Segment Start: Data excerpt

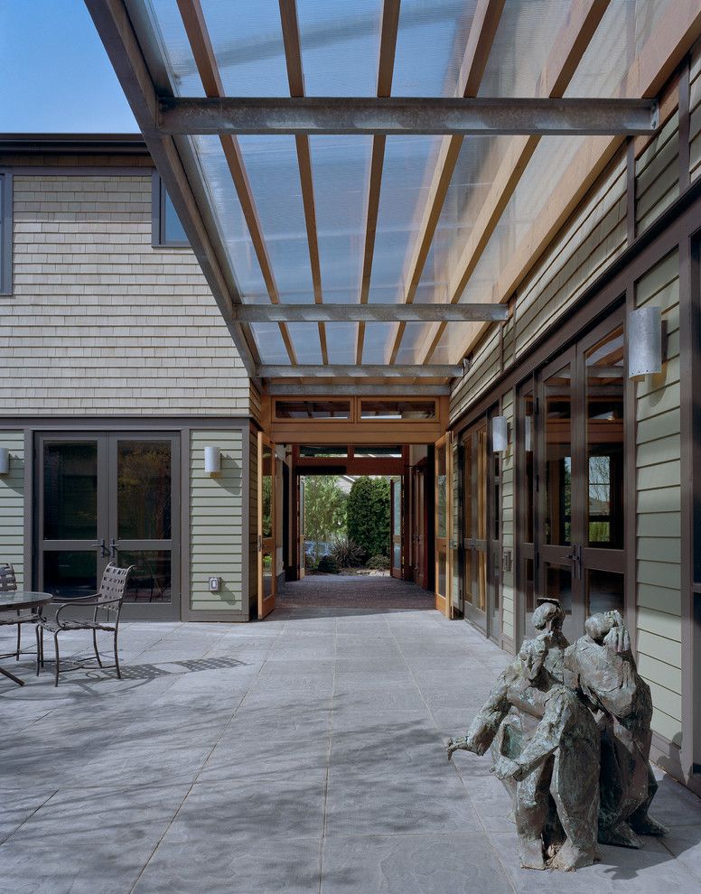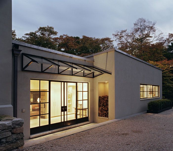 Навес из поликарбоната над крыльцом должен соответствовать общему стилю здания
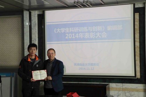 经编辑部推选,制冷及低温技术系 2012 级郭雨辰、生物工程 2011 级刘林两位同学获永利官网 2013-2014 年度优秀学生编辑纪念奖。计宏伟副处长为获奖同学颁发了奖品和获奖证书。
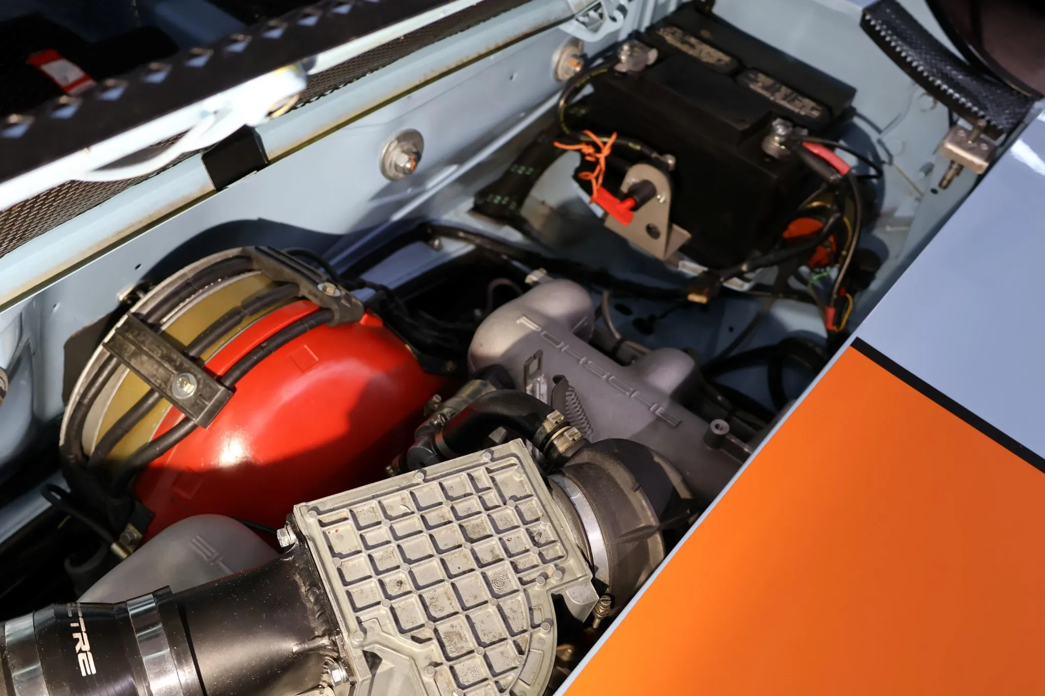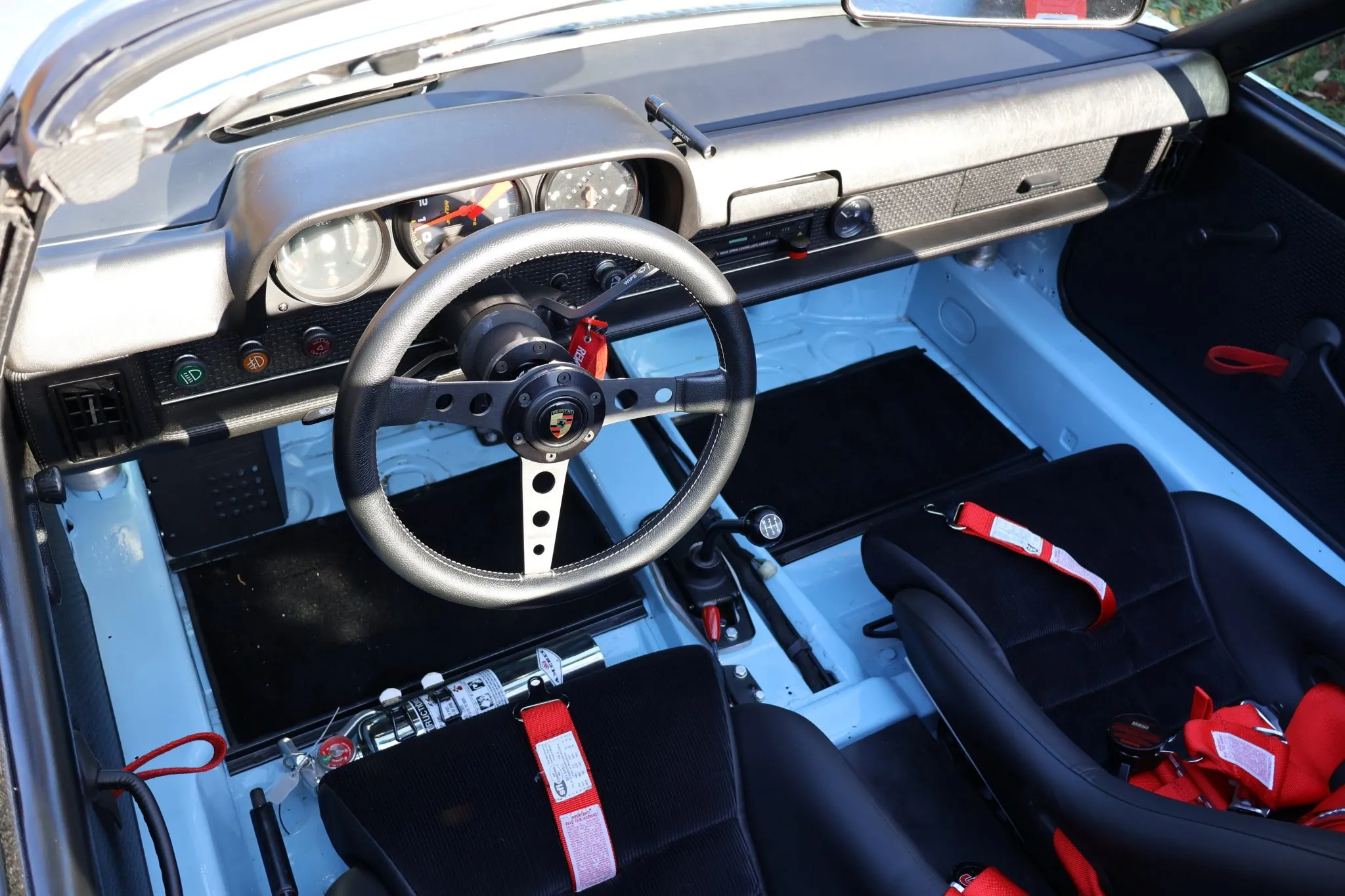 The car wears GT-style flared fiberglass bodywork that has been painted in a Gulf-style livery, and the partially stripped interior was redone and features GTS bucket seats, harnesses, Rennline pedals, a MOMO-style steering wheel mounted on a quick-release hub, and an aftermarket shifter.

Segment End: Data excerpt

# Your goal
Retype the data word for word, please, and keep the images out.

# Solved exercise
 Навес из поликарбоната над крыльцом должен соответствовать общему стилю здания
 经编辑部推选,制冷及低温技术系 2012 级郭雨辰、生物工程 2011 级刘林两位同学获永利官网 2013-2014 年度优秀学生编辑纪念奖。计宏伟副处长为获奖同学颁发了奖品和获奖证书。
 The car wears GT-style flared fiberglass bodywork that has been painted in a Gulf-style livery, and the partially stripped interior was redone and features GTS bucket seats, harnesses, Rennline pedals, a MOMO-style steering wheel mounted on a quick-release hub, and an aftermarket shifter.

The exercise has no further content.